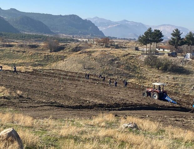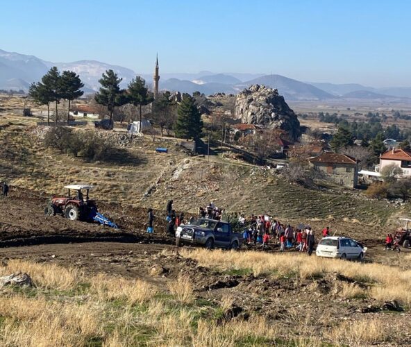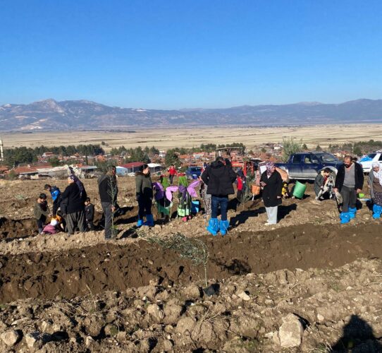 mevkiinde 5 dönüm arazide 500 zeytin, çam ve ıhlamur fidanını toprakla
...
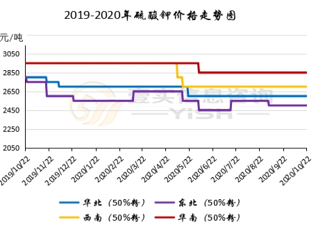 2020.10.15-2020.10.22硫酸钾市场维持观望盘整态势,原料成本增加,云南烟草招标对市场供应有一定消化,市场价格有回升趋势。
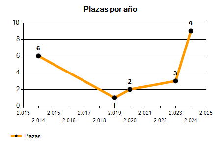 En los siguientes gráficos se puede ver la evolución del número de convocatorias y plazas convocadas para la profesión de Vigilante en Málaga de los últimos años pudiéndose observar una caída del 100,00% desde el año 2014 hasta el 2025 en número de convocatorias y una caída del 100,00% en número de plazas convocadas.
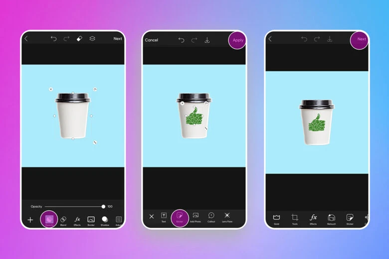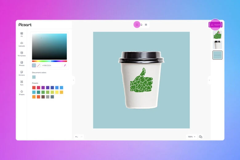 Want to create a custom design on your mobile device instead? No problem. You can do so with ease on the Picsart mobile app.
* * *
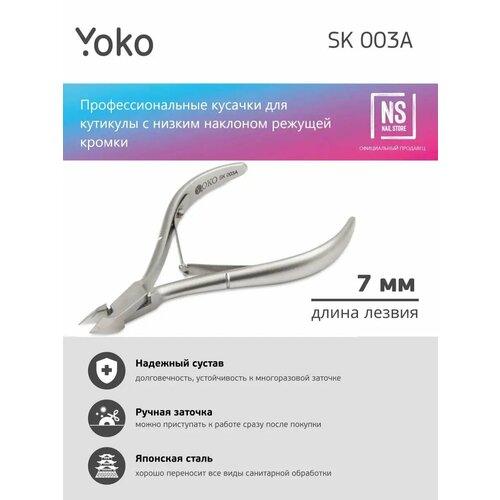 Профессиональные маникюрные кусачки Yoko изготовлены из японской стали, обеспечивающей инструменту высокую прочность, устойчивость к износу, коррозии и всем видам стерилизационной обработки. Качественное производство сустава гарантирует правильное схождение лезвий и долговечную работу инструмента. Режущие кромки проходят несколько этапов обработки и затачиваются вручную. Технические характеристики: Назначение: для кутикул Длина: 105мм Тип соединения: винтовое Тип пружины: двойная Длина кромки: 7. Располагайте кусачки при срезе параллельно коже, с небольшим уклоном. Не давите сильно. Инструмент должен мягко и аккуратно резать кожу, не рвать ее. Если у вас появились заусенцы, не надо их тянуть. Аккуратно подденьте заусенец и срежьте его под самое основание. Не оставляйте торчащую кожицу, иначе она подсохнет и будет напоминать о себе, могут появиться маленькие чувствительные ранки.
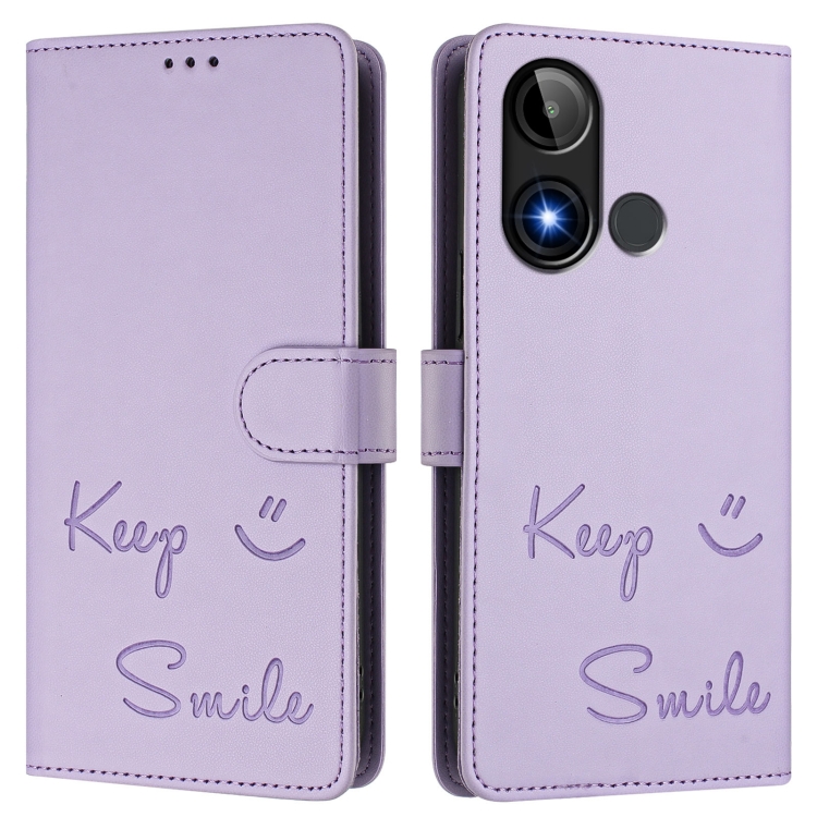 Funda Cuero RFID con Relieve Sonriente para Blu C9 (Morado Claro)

Exercise details ▸
In the listing above, find the line containing "2020.10.15-202" and the line containing "Want to create". Reproduce those lines and all between them exactly, with no pictures and nothing more.

Answer box ▸
 2020.10.15-2020.10.22硫酸钾市场维持观望盘整态势,原料成本增加,云南烟草招标对市场供应有一定消化,市场价格有回升趋势。
 En los siguientes gráficos se puede ver la evolución del número de convocatorias y plazas convocadas para la profesión de Vigilante en Málaga de los últimos años pudiéndose observar una caída del 100,00% desde el año 2014 hasta el 2025 en número de convocatorias y una caída del 100,00% en número de plazas convocadas.
 Want to create a custom design on your mobile device instead? No problem. You can do so with ease on the Picsart mobile app.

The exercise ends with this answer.